3) The fact that your dragons are attracted to carbon emissions immediately puts the reader on the alert that this may be some kind of ecological fable, but it isn’t that simple. There’s politics here, as well as fame, the manipulation of perceptions, and the various uses of art. Which parts of the story came first, and how did they come to you? Did it take many drafts to develop the layers, or was it all there from the beginning?
The ecological bent came when my friend Colleen would not accept “Honour?” as the reason dragons could not be slayed with a cruise missile (if I had a nickel…), but the story was always going to be about fame. Originally, Owen was much closer to a garbage man than he was to a nation hero, but once I turned the dragons into flying meth labs, it became a bit more epic. Even so, all of that happened before I wrote anything down, so by the time I sketched out THE STORY OF LOTTIE, I already had environmentalism, fame, perception and story telling, and a healthy dose of politics worked into it. I tried to control myself while writing, because I didn’t think anyone would want to know most of the details I had come up with, but then Andrew asked for all the world-building chapters to be added, and it was like CHRISTMAS. So in a way, it was all there at the beginning. I just didn’t think anyone else would want to know all of it, so I didn’t write it down.
4) What has your journey to publication been like? Epic? Any dragons along the way? Was writing something you always dreamed of doing, or did you come to it by some circuitous route?
I wrote THE STORY OF OWEN for NaNoWriMo in 2011. I sold it to Andrew Karre via fill-in-the-blank query letter the following April, and got an agent at the same time. One time in 2009 I told a job interviewer that I wanted to publish a book by the time I was thirty, but I was kind of lying when I said it, because I was 25 and I always panicked when interviewers said things like “What is your five year goal?” My degrees are in Near Eastern Archaeology and Forensic Archaeology and Crime Scene Management, both of which involve a lot of writing. So I suppose I have always been a writer, I just never had any plans to become a writer (but I once read a book by David Eddings where he said that you just ARE a writer, so it’s possible that I reached a zen state on that matter at the ripe old age of 15.

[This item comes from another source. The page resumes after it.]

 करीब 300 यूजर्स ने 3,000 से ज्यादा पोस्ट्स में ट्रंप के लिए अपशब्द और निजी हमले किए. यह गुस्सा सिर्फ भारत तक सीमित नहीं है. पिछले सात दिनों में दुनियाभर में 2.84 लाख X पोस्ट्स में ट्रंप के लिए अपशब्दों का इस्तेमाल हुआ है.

5) Being a debut novelist must be, in some ways, like being a brand-new dragon slayer. There’s a certain amount of fame that comes with it, especially when you’re nominated for awards. Has it been anything like you imagined it would be? Has working on the sequel been a different experience than writing the first book? Do you ever wish you had your own bard?

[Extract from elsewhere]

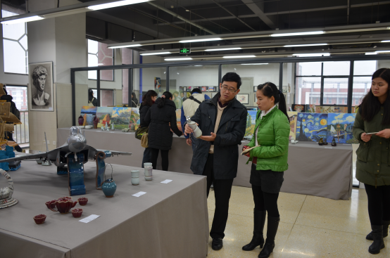 11月17日,由我院团总支学生会主办的"春华秋实"艺术节系列活动之艺术设计作品展于我校东校区图书馆三楼举行。我院党总支书记楚恩熠、院长胡中艳、党总支副书记周琰,副院长王沛等领导老师分别莅临现场参观。

Everything has been WAY BETTER than I imagined. Carrie Ryan does this thing at writing retreats where she asks questions in the evenings to promote professional discussion (and tears, if we’re being honest), and one of them is “What is your dream goal?”. I have been on several different writing retreats since OWEN sold, and I have had to make up new dream goalsbecause I have already met the first two. Absolutely nuts. And that’s before we take into account the support I’ve seen from my friends and family.

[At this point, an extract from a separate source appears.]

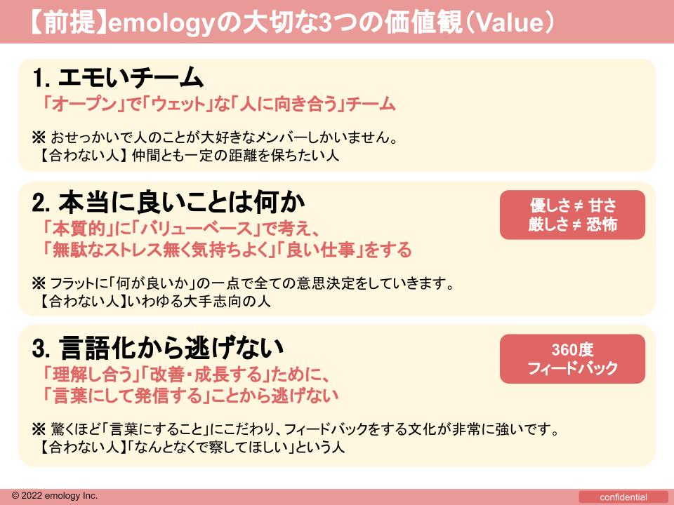 つまり、360度フィードバックはemologyが大切にしている3つの価値観そのもの。

I was totally prepared to weather sturm und drang while writing Book 2, but I managed pretty well. I’ve always known how it went. I just thought no one would want to read it. 10+ years of writing fic online has given me a pretty thick skin. That said, I am quite pleased to have TWO of my own bards. They’re part time, and they live quite far away now, but they’re really good at making me sound cooler than I am.